- [WORK TO BE COMPLETED]: The listing below is to be copied exactly, with pictures excluded.

- [DATASET CONTENT]:
══════════════════════════════

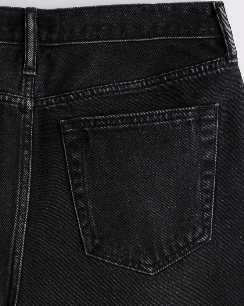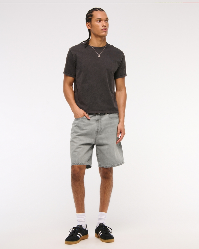 Our 9 inch (23 cm) denim shorts in a loose, relaxed fit and our 100% cotton lightweight garment dye denim fabric, with a black wash and clean hem. Imported.
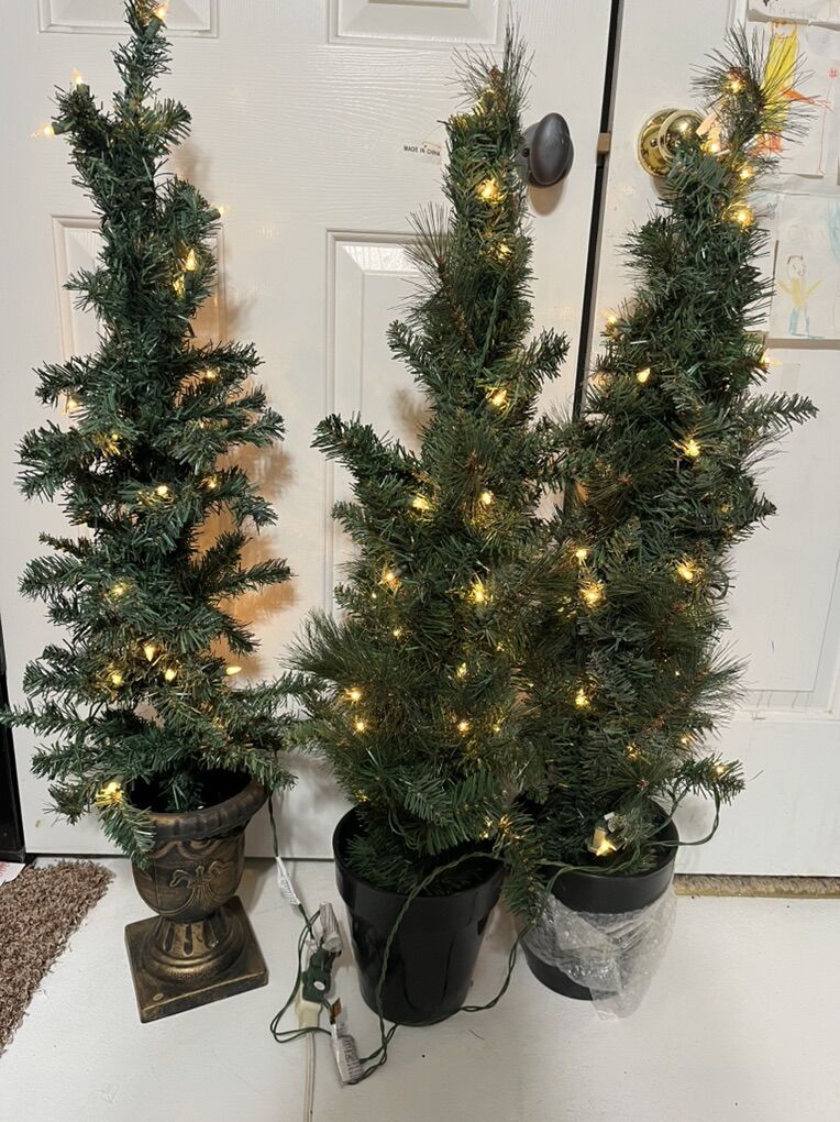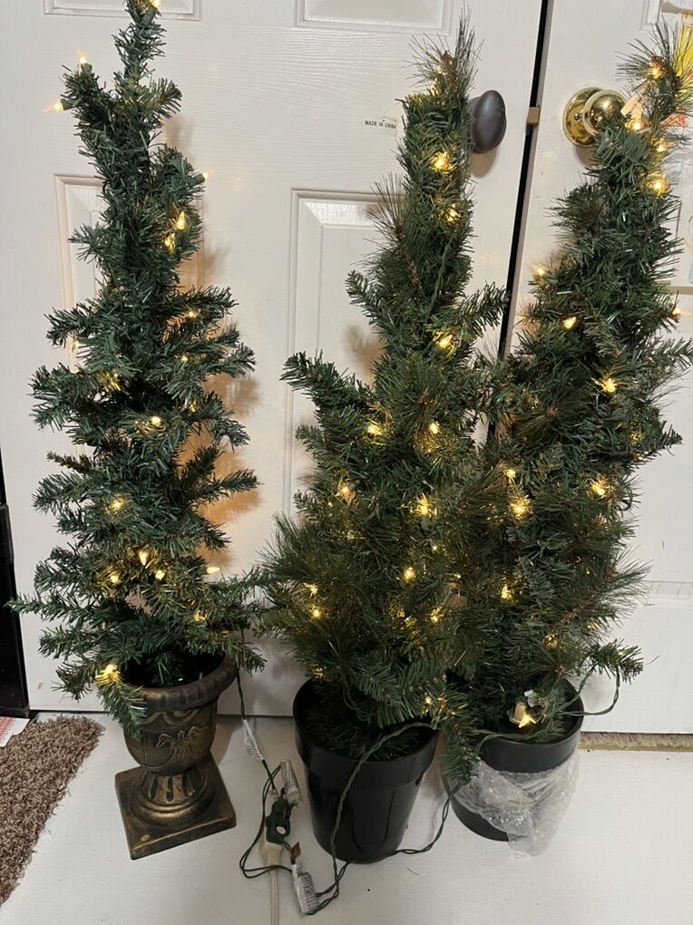 Brand new fake Christmas trees with lights. $35.00 each tree.
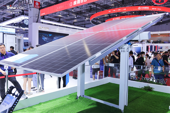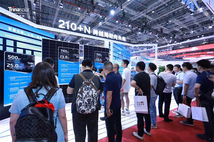 天合光能持续以领先的技术走在光伏行业前沿,在多技术路线均有深厚的技术储备。作为210产品技术平台和N型i-TOPCon技术的开拓者,一路引领行业实现了从500W到600W再到700W里程碑式的功率跨越;天合光能多次打破世界纪录,4月底,其210+N型i-TOPCon光伏组件最高输出功率达740.6W,第26次创造了世界纪录。本次展台“210+N创新展区”左侧,除了该款组件,其自主研发的TSHJ异质结电池和THBC背接触异质结电池技术也亮相展会,最高组件输出功率达760W+。

══════════════════════════════

- [RESPONSE AREA]:
 Our 9 inch (23 cm) denim shorts in a loose, relaxed fit and our 100% cotton lightweight garment dye denim fabric, with a black wash and clean hem. Imported.
 Brand new fake Christmas trees with lights. $35.00 each tree.
 天合光能持续以领先的技术走在光伏行业前沿,在多技术路线均有深厚的技术储备。作为210产品技术平台和N型i-TOPCon技术的开拓者,一路引领行业实现了从500W到600W再到700W里程碑式的功率跨越;天合光能多次打破世界纪录,4月底,其210+N型i-TOPCon光伏组件最高输出功率达740.6W,第26次创造了世界纪录。本次展台“210+N创新展区”左侧,除了该款组件,其自主研发的TSHJ异质结电池和THBC背接触异质结电池技术也亮相展会,最高组件输出功率达760W+。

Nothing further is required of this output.